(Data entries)
────────
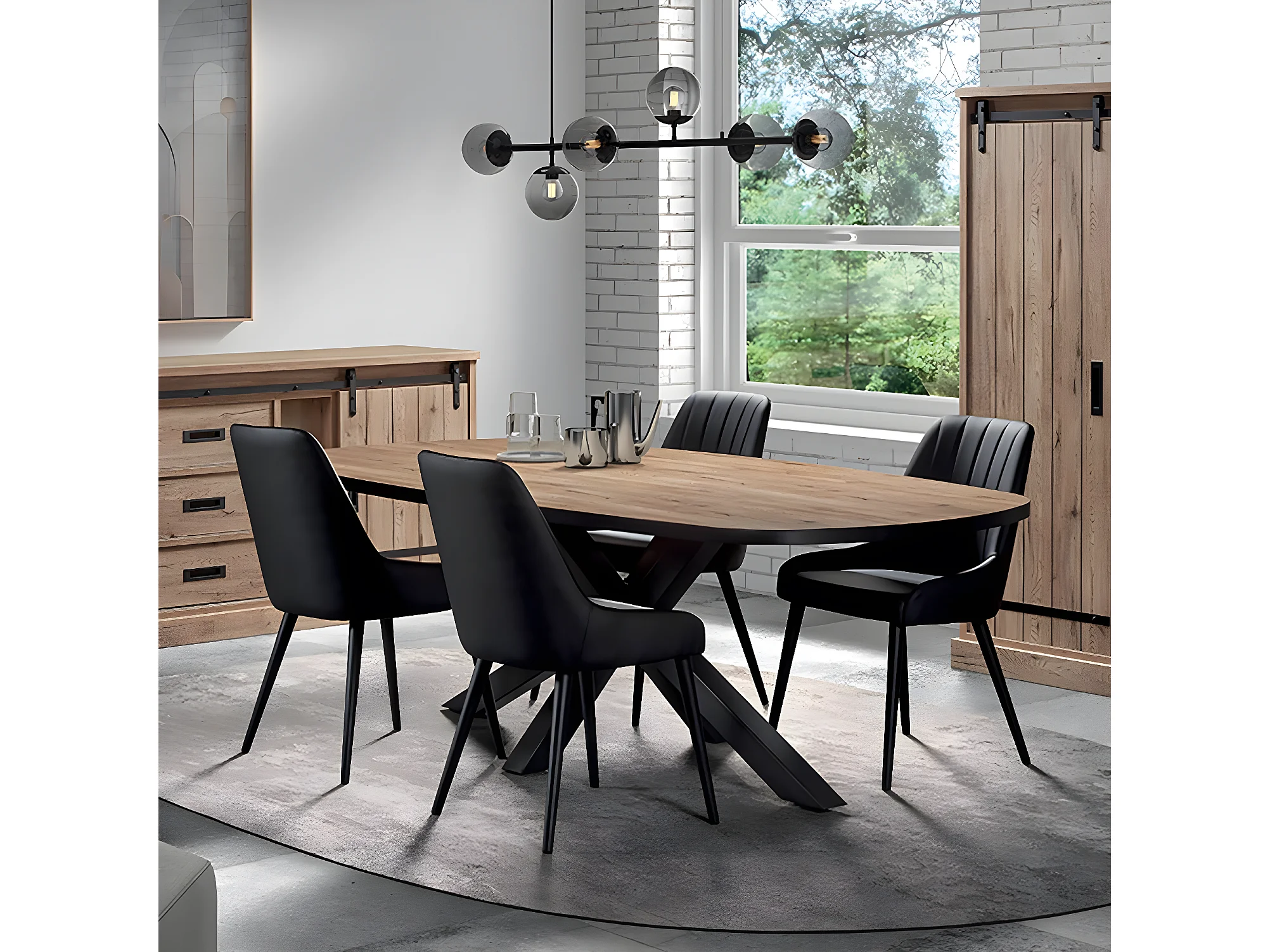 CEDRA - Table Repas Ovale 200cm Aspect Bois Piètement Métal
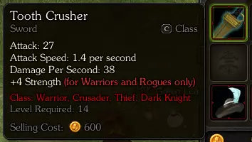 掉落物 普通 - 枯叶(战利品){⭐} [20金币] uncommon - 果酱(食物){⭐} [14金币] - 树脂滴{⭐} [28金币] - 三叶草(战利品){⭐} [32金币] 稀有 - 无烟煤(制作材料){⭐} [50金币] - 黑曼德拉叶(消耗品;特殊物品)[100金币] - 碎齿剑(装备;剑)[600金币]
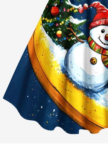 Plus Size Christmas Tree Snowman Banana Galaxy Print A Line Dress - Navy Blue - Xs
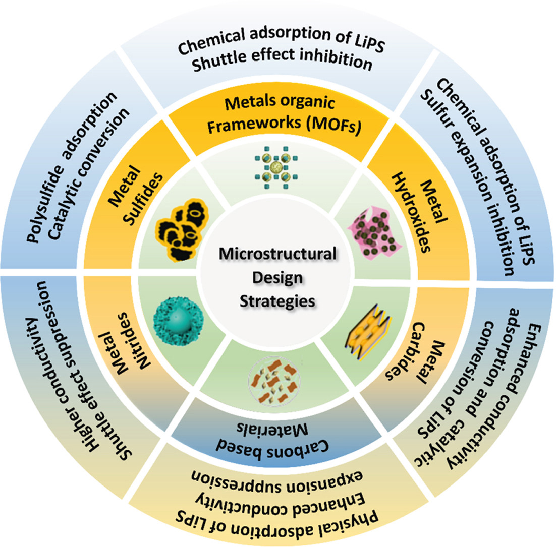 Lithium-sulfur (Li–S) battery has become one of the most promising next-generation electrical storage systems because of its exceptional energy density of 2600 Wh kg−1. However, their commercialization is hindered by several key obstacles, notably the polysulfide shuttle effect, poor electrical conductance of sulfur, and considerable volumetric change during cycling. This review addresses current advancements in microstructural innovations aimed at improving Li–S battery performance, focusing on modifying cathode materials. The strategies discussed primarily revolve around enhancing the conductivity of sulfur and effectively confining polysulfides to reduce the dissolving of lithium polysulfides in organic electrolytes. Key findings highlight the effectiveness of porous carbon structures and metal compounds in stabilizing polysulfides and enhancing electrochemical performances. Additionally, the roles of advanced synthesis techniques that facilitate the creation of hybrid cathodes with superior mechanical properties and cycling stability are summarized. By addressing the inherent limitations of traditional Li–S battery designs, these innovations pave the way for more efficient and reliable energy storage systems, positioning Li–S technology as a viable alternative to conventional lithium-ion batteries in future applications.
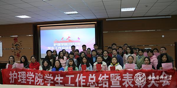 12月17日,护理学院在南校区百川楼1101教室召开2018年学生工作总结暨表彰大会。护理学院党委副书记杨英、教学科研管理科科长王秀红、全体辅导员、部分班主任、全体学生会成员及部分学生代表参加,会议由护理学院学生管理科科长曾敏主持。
────────
# What is needed
Omit every image. Quote each record exactly.

# Reply to the task
 CEDRA - Table Repas Ovale 200cm Aspect Bois Piètement Métal
 掉落物 普通 - 枯叶(战利品){⭐} [20金币] uncommon - 果酱(食物){⭐} [14金币] - 树脂滴{⭐} [28金币] - 三叶草(战利品){⭐} [32金币] 稀有 - 无烟煤(制作材料){⭐} [50金币] - 黑曼德拉叶(消耗品;特殊物品)[100金币] - 碎齿剑(装备;剑)[600金币]
 Plus Size Christmas Tree Snowman Banana Galaxy Print A Line Dress - Navy Blue - Xs
 Lithium-sulfur (Li–S) battery has become one of the most promising next-generation electrical storage systems because of its exceptional energy density of 2600 Wh kg−1. However, their commercialization is hindered by several key obstacles, notably the polysulfide shuttle effect, poor electrical conductance of sulfur, and considerable volumetric change during cycling. This review addresses current advancements in microstructural innovations aimed at improving Li–S battery performance, focusing on modifying cathode materials. The strategies discussed primarily revolve around enhancing the conductivity of sulfur and effectively confining polysulfides to reduce the dissolving of lithium polysulfides in organic electrolytes. Key findings highlight the effectiveness of porous carbon structures and metal compounds in stabilizing polysulfides and enhancing electrochemical performances. Additionally, the roles of advanced synthesis techniques that facilitate the creation of hybrid cathodes with superior mechanical properties and cycling stability are summarized. By addressing the inherent limitations of traditional Li–S battery designs, these innovations pave the way for more efficient and reliable energy storage systems, positioning Li–S technology as a viable alternative to conventional lithium-ion batteries in future applications.
 12月17日,护理学院在南校区百川楼1101教室召开2018年学生工作总结暨表彰大会。护理学院党委副书记杨英、教学科研管理科科长王秀红、全体辅导员、部分班主任、全体学生会成员及部分学生代表参加,会议由护理学院学生管理科科长曾敏主持。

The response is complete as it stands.